### Problem requirements:
Pictures are not part of the copy; reproduce the remaining data exactly.

### Collected data:
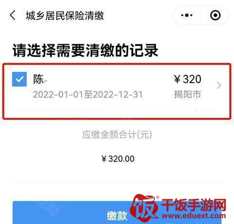 6、接着选择应征信息(原则上一个人只有一条应征数据,如果同一个人本年度出现两笔及以上应征数据,请先与各地医保经办机构核对修正,避免错误缴费),点击“缴款”进入“温馨提示”界面,请详细阅读提示内容
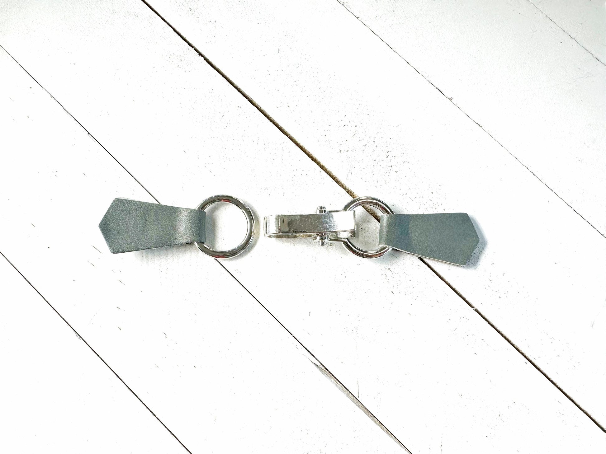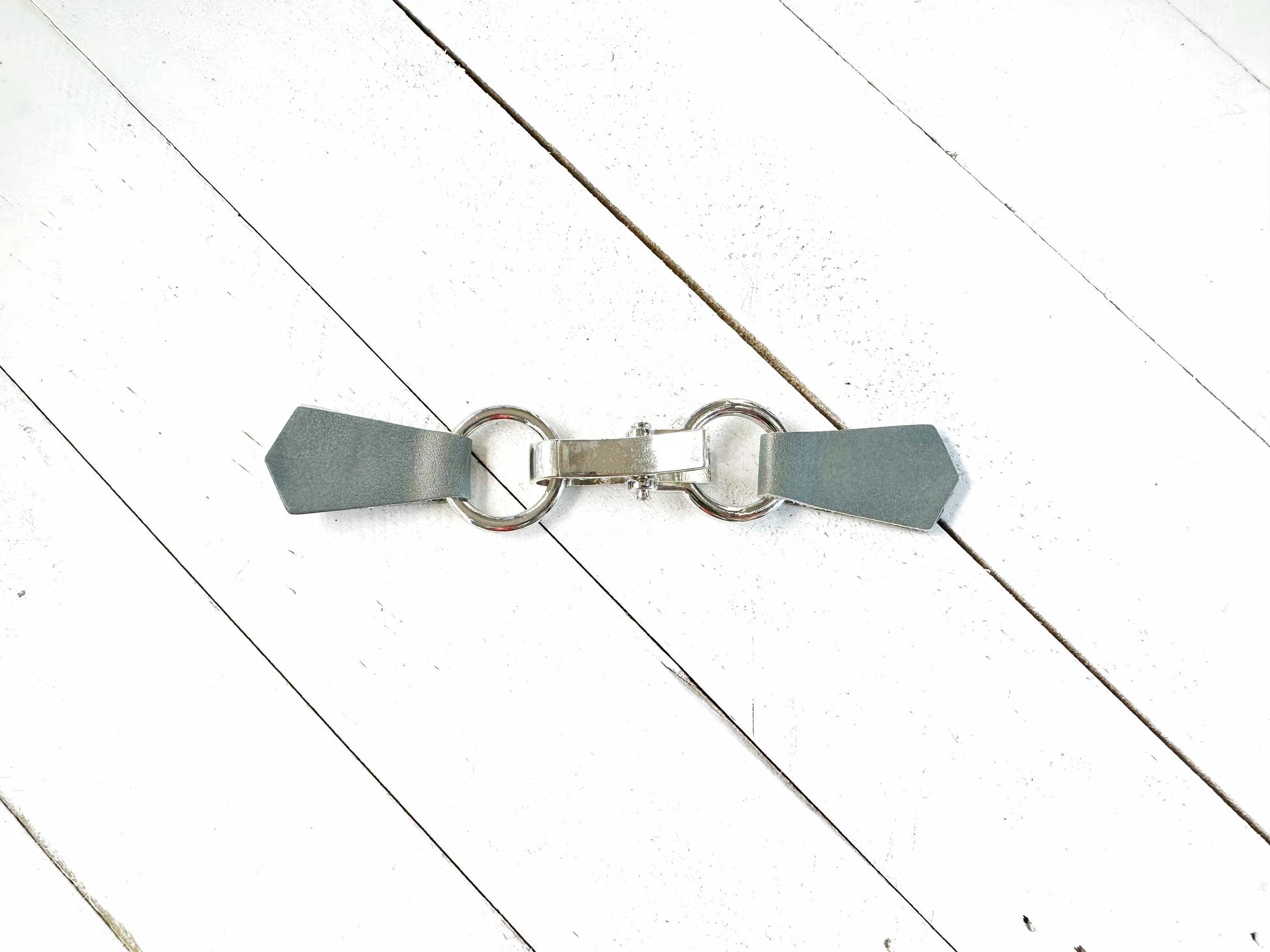 Silver buckle hardware with easy open/close & gray-green leather tabs on either side with grip clips hidden on back.
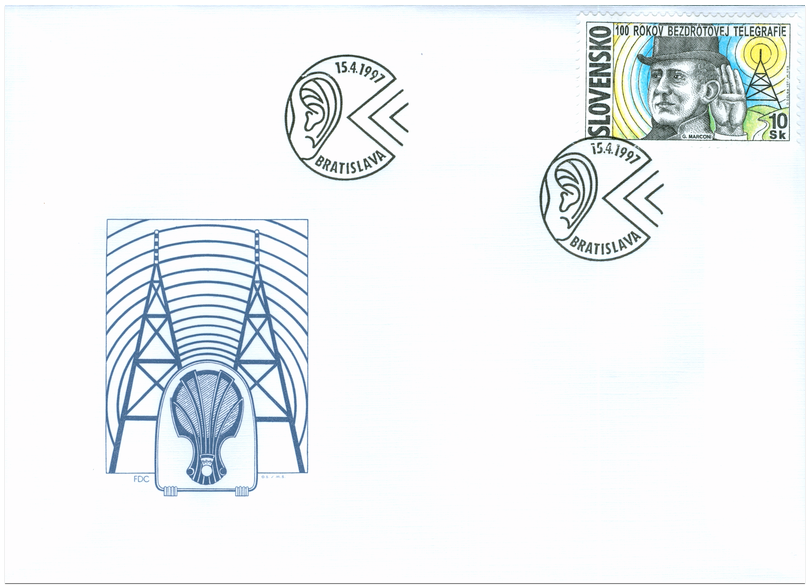 Ministerstvo dopravy, pôšt a telekomunikácií vydalo dňa 15. 4. 1997 príležitostnú poštovú známku " 100 rokov bezdrôtovej telegrafie " s nominálnou hodnotou 10 Sk. Na známke je symbolická kresba s portrétom načúvajúceho G. Marconiho. Autorom výtvarných návrhov emisie je Oliver Solga, rytcom je Martin Srb. Viacfarebnú známku s portrétom načúvajúceho G. Marconiho o rozmeroch obrazovej časti 23 x 40 mm (na šírku) vytlačila Poštovní tiskárna cenin, a.s., Praha technikou rotačnej oceľotlače v kombinácii s hĺbkotlačou na tlačových listoch po 50 známkach. V posledných rokoch devätnásteho storočia sa zaznamenalo niekoľko významných objavov a vynálezov, ktoré podmienili rozvoj bezdrôtovej telegrafie a nadväzne rozvoj...

### Exercise result:
 6、接着选择应征信息(原则上一个人只有一条应征数据,如果同一个人本年度出现两笔及以上应征数据,请先与各地医保经办机构核对修正,避免错误缴费),点击“缴款”进入“温馨提示”界面,请详细阅读提示内容
 Silver buckle hardware with easy open/close & gray-green leather tabs on either side with grip clips hidden on back.
 Ministerstvo dopravy, pôšt a telekomunikácií vydalo dňa 15. 4. 1997 príležitostnú poštovú známku " 100 rokov bezdrôtovej telegrafie " s nominálnou hodnotou 10 Sk. Na známke je symbolická kresba s portrétom načúvajúceho G. Marconiho. Autorom výtvarných návrhov emisie je Oliver Solga, rytcom je Martin Srb. Viacfarebnú známku s portrétom načúvajúceho G. Marconiho o rozmeroch obrazovej časti 23 x 40 mm (na šírku) vytlačila Poštovní tiskárna cenin, a.s., Praha technikou rotačnej oceľotlače v kombinácii s hĺbkotlačou na tlačových listoch po 50 známkach. V posledných rokoch devätnásteho storočia sa zaznamenalo niekoľko významných objavov a vynálezov, ktoré podmienili rozvoj bezdrôtovej telegrafie a nadväzne rozvoj...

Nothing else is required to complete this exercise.